**Task goal:** Write out nothing except the lines of the entries below, from the first through the one containing "Bộ trưởng Đào", exactly and without pictures.

Records from a data collection:
-- -- --
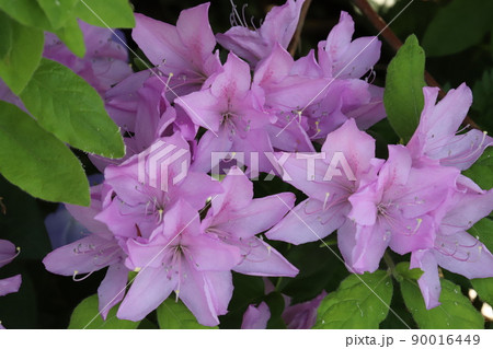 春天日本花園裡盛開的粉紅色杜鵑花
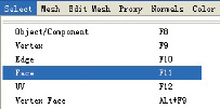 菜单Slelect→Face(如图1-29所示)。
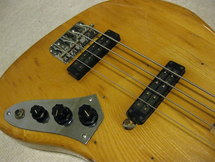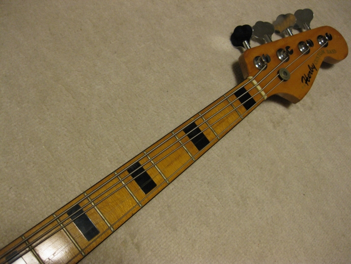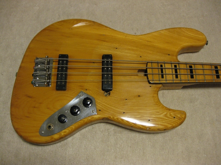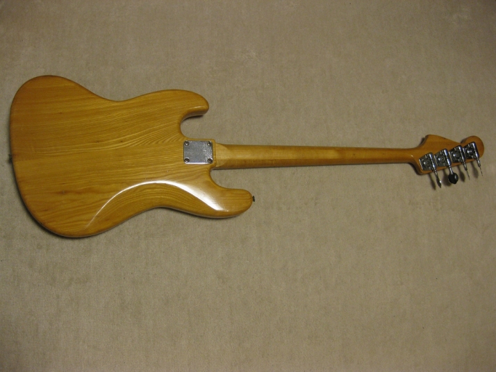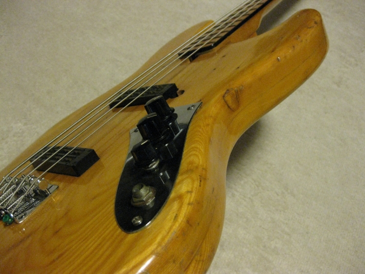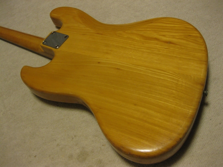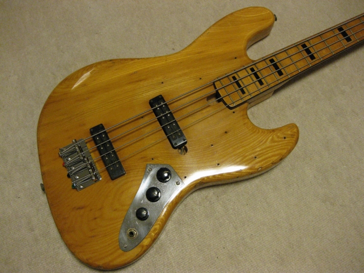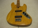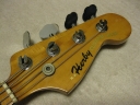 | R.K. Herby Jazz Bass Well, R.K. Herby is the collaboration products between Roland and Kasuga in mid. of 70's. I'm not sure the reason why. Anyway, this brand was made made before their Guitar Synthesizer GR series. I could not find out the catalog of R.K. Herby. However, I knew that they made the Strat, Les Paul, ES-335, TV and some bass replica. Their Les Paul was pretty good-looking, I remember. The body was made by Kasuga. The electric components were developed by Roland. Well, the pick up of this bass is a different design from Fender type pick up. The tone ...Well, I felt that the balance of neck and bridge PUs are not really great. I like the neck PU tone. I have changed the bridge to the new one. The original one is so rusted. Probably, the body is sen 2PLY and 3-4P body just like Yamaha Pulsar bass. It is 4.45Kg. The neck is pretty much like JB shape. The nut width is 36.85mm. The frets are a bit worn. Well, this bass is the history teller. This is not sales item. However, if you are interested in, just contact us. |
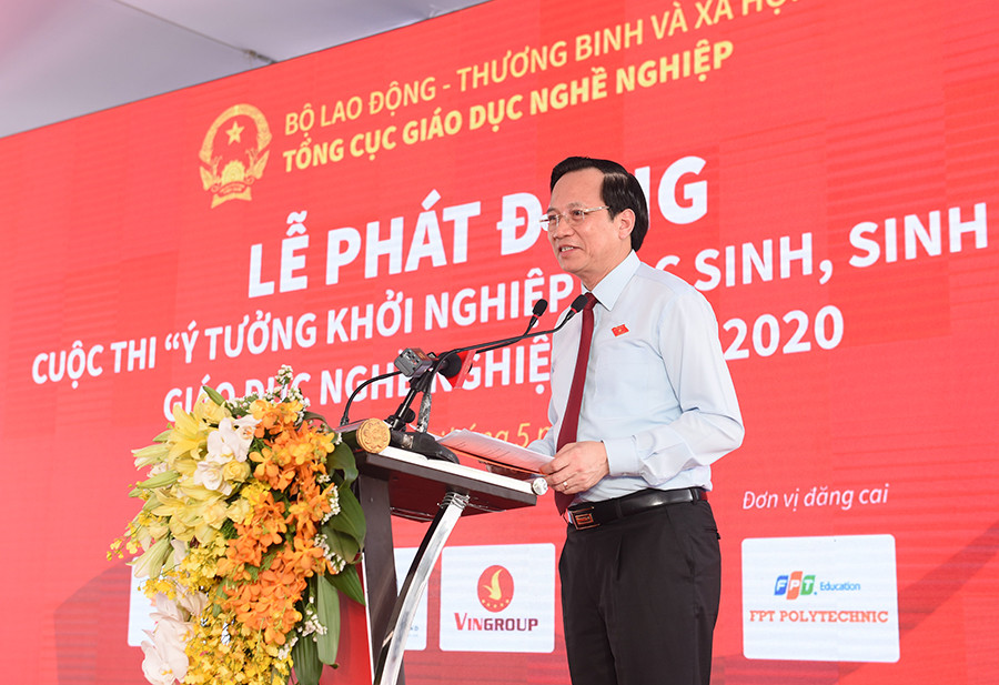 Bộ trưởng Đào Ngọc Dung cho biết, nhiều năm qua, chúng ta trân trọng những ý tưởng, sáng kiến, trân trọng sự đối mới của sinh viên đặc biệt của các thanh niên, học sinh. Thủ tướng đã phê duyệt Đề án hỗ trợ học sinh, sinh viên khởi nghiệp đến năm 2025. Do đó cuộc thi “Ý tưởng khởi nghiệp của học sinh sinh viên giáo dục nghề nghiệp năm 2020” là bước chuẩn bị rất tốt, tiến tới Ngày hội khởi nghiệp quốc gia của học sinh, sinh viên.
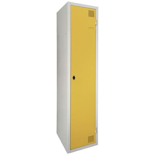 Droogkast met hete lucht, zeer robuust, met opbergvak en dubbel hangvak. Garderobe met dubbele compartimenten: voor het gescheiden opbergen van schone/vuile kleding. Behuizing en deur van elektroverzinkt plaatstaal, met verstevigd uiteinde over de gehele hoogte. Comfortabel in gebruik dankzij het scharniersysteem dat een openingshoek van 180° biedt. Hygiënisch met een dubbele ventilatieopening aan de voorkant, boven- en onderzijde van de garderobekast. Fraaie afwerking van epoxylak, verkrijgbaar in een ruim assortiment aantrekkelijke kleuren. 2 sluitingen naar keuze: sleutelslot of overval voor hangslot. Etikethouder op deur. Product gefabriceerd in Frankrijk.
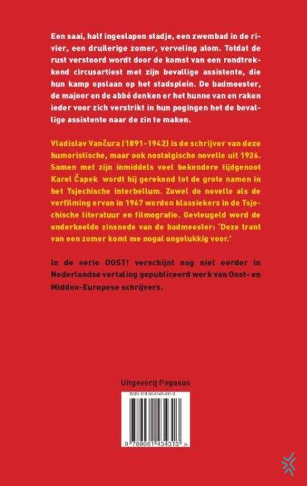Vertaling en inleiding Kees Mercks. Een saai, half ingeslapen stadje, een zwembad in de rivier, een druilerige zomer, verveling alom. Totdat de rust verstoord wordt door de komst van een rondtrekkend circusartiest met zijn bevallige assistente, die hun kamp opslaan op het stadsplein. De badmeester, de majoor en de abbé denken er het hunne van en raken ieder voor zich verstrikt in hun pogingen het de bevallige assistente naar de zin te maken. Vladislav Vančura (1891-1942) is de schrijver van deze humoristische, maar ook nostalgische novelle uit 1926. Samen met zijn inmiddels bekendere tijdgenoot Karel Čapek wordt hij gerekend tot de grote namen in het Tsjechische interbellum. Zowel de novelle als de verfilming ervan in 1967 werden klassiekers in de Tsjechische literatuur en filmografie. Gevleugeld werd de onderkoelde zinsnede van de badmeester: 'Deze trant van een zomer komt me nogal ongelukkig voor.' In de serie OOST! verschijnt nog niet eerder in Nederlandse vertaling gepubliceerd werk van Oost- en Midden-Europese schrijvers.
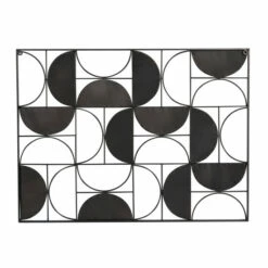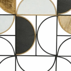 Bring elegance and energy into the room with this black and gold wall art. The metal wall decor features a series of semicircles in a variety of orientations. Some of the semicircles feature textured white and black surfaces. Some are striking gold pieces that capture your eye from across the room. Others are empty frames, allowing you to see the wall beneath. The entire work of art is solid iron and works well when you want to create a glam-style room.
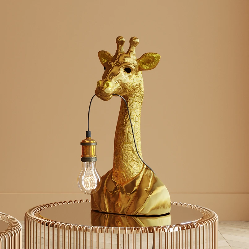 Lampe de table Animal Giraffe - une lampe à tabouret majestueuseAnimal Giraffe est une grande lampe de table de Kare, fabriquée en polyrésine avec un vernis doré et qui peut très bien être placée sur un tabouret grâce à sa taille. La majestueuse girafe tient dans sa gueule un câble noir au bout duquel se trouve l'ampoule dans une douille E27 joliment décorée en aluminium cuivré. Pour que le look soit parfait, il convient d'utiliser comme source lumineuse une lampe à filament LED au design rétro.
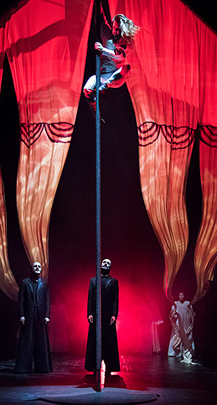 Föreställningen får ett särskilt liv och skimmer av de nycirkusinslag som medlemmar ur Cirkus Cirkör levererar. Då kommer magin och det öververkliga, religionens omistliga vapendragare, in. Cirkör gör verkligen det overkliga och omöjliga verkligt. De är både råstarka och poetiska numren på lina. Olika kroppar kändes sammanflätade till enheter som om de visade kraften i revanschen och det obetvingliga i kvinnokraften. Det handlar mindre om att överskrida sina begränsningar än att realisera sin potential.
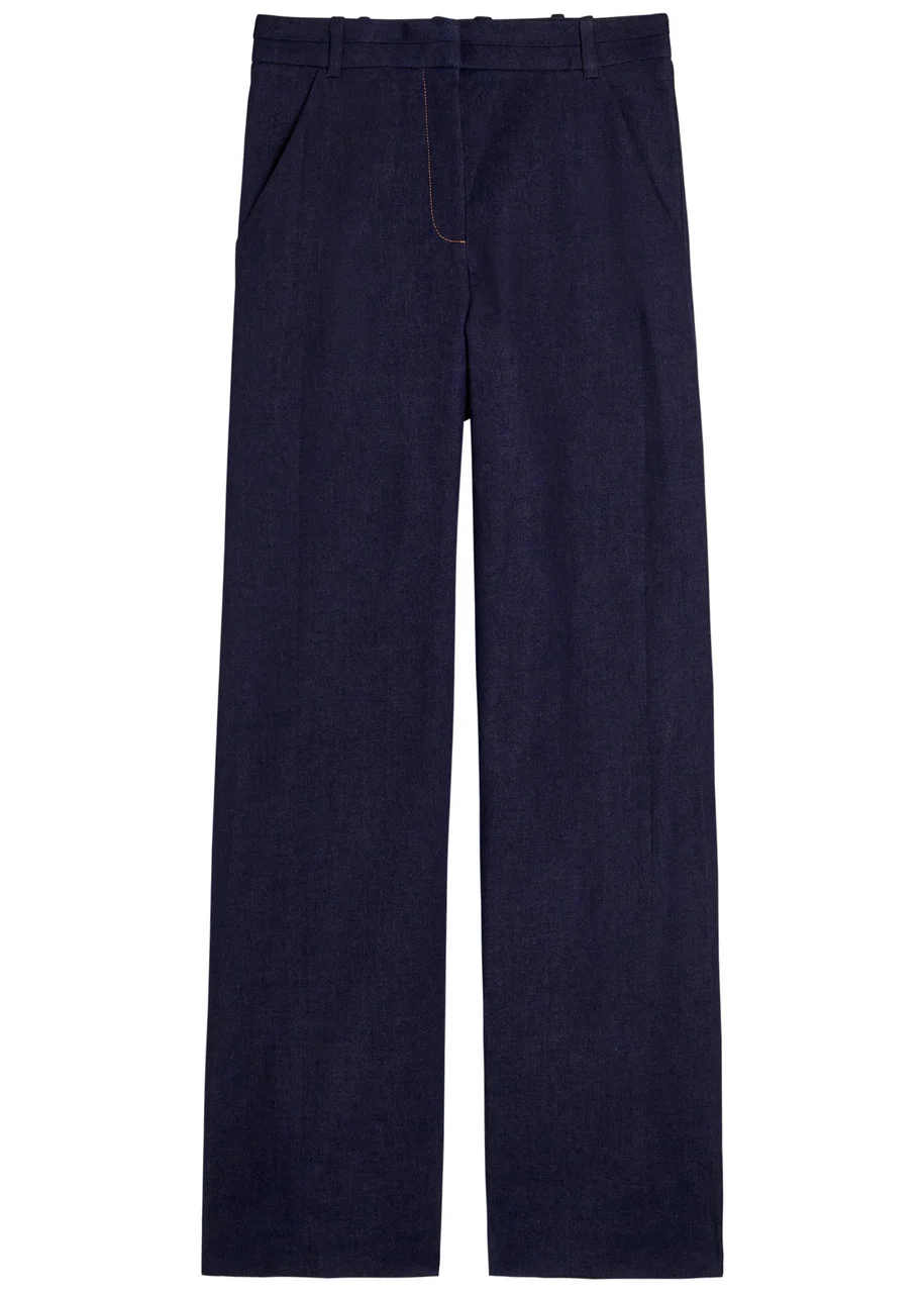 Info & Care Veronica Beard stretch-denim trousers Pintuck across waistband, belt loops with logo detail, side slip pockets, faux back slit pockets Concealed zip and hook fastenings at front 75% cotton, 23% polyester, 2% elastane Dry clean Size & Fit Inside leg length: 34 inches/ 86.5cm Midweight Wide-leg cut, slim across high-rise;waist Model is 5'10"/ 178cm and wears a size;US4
-- -- --
**Task result:**
 春天日本花園裡盛開的粉紅色杜鵑花
 菜单Slelect→Face(如图1-29所示)。
 | R.K. Herby Jazz Bass Well, R.K. Herby is the collaboration products between Roland and Kasuga in mid. of 70's. I'm not sure the reason why. Anyway, this brand was made made before their Guitar Synthesizer GR series. I could not find out the catalog of R.K. Herby. However, I knew that they made the Strat, Les Paul, ES-335, TV and some bass replica. Their Les Paul was pretty good-looking, I remember. The body was made by Kasuga. The electric components were developed by Roland. Well, the pick up of this bass is a different design from Fender type pick up. The tone ...Well, I felt that the balance of neck and bridge PUs are not really great. I like the neck PU tone. I have changed the bridge to the new one. The original one is so rusted. Probably, the body is sen 2PLY and 3-4P body just like Yamaha Pulsar bass. It is 4.45Kg. The neck is pretty much like JB shape. The nut width is 36.85mm. The frets are a bit worn. Well, this bass is the history teller. This is not sales item. However, if you are interested in, just contact us. |
 Bộ trưởng Đào Ngọc Dung cho biết, nhiều năm qua, chúng ta trân trọng những ý tưởng, sáng kiến, trân trọng sự đối mới của sinh viên đặc biệt của các thanh niên, học sinh. Thủ tướng đã phê duyệt Đề án hỗ trợ học sinh, sinh viên khởi nghiệp đến năm 2025. Do đó cuộc thi “Ý tưởng khởi nghiệp của học sinh sinh viên giáo dục nghề nghiệp năm 2020” là bước chuẩn bị rất tốt, tiến tới Ngày hội khởi nghiệp quốc gia của học sinh, sinh viên.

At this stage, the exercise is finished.